**PROBLEM STATEMENT:** Once the line containing "10枚目は11枚目との比較で" has been written out, stop; until then, restate each line of the entries below word for word from the first.
- Opening Delimiter -
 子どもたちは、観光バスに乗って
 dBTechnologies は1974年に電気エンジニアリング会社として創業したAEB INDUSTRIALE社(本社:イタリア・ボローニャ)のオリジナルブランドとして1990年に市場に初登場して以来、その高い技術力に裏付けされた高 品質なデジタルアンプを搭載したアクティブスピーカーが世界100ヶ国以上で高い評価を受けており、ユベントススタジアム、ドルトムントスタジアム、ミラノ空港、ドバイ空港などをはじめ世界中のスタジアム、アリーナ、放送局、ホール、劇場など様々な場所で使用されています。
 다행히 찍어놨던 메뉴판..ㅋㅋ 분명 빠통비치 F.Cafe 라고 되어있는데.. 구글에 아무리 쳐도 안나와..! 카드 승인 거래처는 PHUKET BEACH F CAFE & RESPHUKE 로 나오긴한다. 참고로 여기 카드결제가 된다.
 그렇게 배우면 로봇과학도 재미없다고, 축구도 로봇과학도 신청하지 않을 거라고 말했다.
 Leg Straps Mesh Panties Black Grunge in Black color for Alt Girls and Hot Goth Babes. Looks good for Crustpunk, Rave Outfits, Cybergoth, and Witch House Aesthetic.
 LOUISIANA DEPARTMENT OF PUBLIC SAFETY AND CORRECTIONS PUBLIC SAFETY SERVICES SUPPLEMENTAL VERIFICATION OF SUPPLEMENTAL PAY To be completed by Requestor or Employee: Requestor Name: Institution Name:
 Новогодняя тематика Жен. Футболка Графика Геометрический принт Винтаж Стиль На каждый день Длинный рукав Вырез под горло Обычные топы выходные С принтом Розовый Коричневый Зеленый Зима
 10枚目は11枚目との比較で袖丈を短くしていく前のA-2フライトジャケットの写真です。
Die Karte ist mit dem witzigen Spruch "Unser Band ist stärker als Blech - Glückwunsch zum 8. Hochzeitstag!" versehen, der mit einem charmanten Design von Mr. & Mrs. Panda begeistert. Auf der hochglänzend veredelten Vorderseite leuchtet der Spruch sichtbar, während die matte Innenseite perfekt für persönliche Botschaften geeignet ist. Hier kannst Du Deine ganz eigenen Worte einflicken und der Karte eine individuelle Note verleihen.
- Closing Delimiter -
**TASK OUTPUT:**
 子どもたちは、観光バスに乗って
 dBTechnologies は1974年に電気エンジニアリング会社として創業したAEB INDUSTRIALE社(本社:イタリア・ボローニャ)のオリジナルブランドとして1990年に市場に初登場して以来、その高い技術力に裏付けされた高 品質なデジタルアンプを搭載したアクティブスピーカーが世界100ヶ国以上で高い評価を受けており、ユベントススタジアム、ドルトムントスタジアム、ミラノ空港、ドバイ空港などをはじめ世界中のスタジアム、アリーナ、放送局、ホール、劇場など様々な場所で使用されています。
 다행히 찍어놨던 메뉴판..ㅋㅋ 분명 빠통비치 F.Cafe 라고 되어있는데.. 구글에 아무리 쳐도 안나와..! 카드 승인 거래처는 PHUKET BEACH F CAFE & RESPHUKE 로 나오긴한다. 참고로 여기 카드결제가 된다.
 그렇게 배우면 로봇과학도 재미없다고, 축구도 로봇과학도 신청하지 않을 거라고 말했다.
 Leg Straps Mesh Panties Black Grunge in Black color for Alt Girls and Hot Goth Babes. Looks good for Crustpunk, Rave Outfits, Cybergoth, and Witch House Aesthetic.
 LOUISIANA DEPARTMENT OF PUBLIC SAFETY AND CORRECTIONS PUBLIC SAFETY SERVICES SUPPLEMENTAL VERIFICATION OF SUPPLEMENTAL PAY To be completed by Requestor or Employee: Requestor Name: Institution Name:
 Новогодняя тематика Жен. Футболка Графика Геометрический принт Винтаж Стиль На каждый день Длинный рукав Вырез под горло Обычные топы выходные С принтом Розовый Коричневый Зеленый Зима
 10枚目は11枚目との比較で袖丈を短くしていく前のA-2フライトジャケットの写真です。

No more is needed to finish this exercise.